According to David Wardrop, the director of the Unesco Forum - a body with 200 institutional and individual members that acts as a de facto focus for information about Unesco and its activities - one result of the lack of a decision on the national commission is that there has been little follow-up in Britain to several recent initiatives.

These include last summer's Unesco conference on the future of higher education, participation in the International Year of the Oceans, and the UN organization's declaration on the ethics of genome research and its applications.

Another victim has been preparations for the WSC. The Office of Science and Technology has been asked to put together the national delegation for this. But its efforts to do so are reported to have been hampered by continuing disagreement within Whitehall over the broader issues surrounding the national commission.

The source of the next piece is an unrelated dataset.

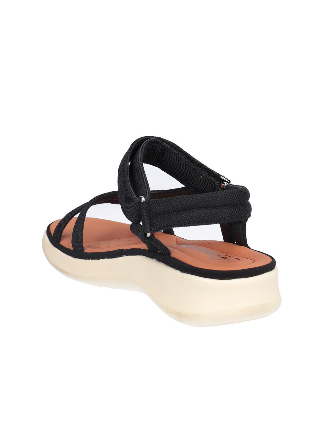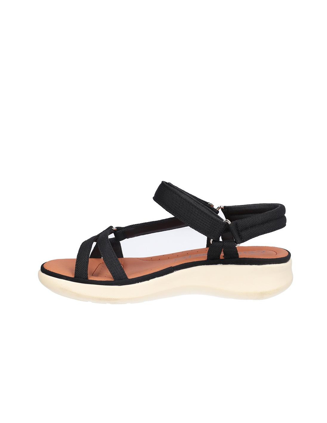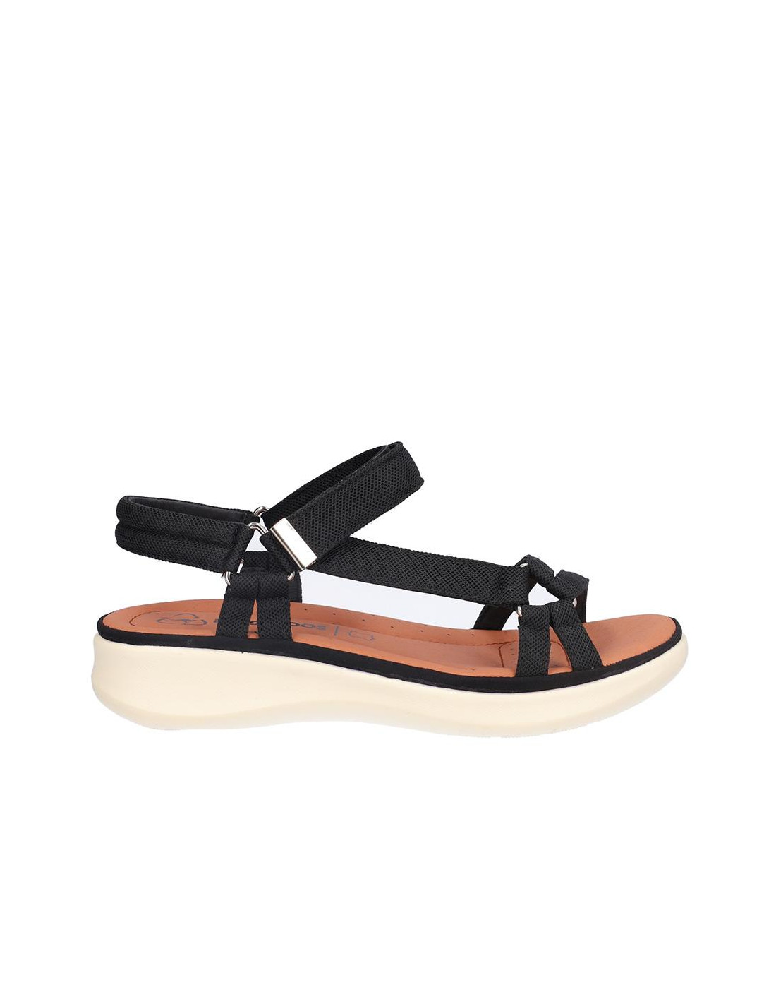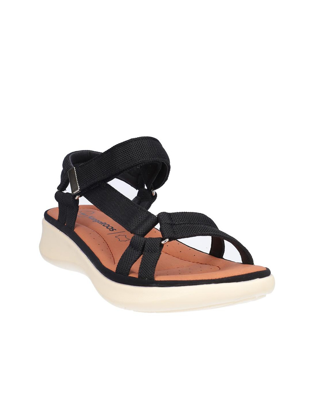 Sandalia Kangaroos señora textil negro, cierre de velcro, forro textil, planta acolchada de piel, suela ligera de eva de 3 cm altura. Composición: Empeine: Textil. Forro: Textil. Planta: Piel. Suela: Eva

At the top of the agenda is the question of finance. Britain is currently paying an annual membership fee of £11 million (US$18 million) to the UN agency. But hopes last year that the government would be prepared to produce an extra £500,000 to cover the costs of a national commission - about half the budget of comparable bodies in France and Germany - have since evaporated.

Even a compromise suggestion that the commission could operate on two-thirds of this figure, about one quarter coming from the Department for International Development, and the rest from a range of other government departments, may prove to be over-optimistic.

A number of leading British scientists are expected to be among those putting their names shortly to a letter being addressed to Short, seeking prompt action on the creation of the national committee, and asking that it be provided with sufficient funds to operate effectively. The matter is also believed to have been raised at a meeting between Short and Federico Mayor, the director-general of Unesco, at a meeting in London on Wednesday (20 January) of this week.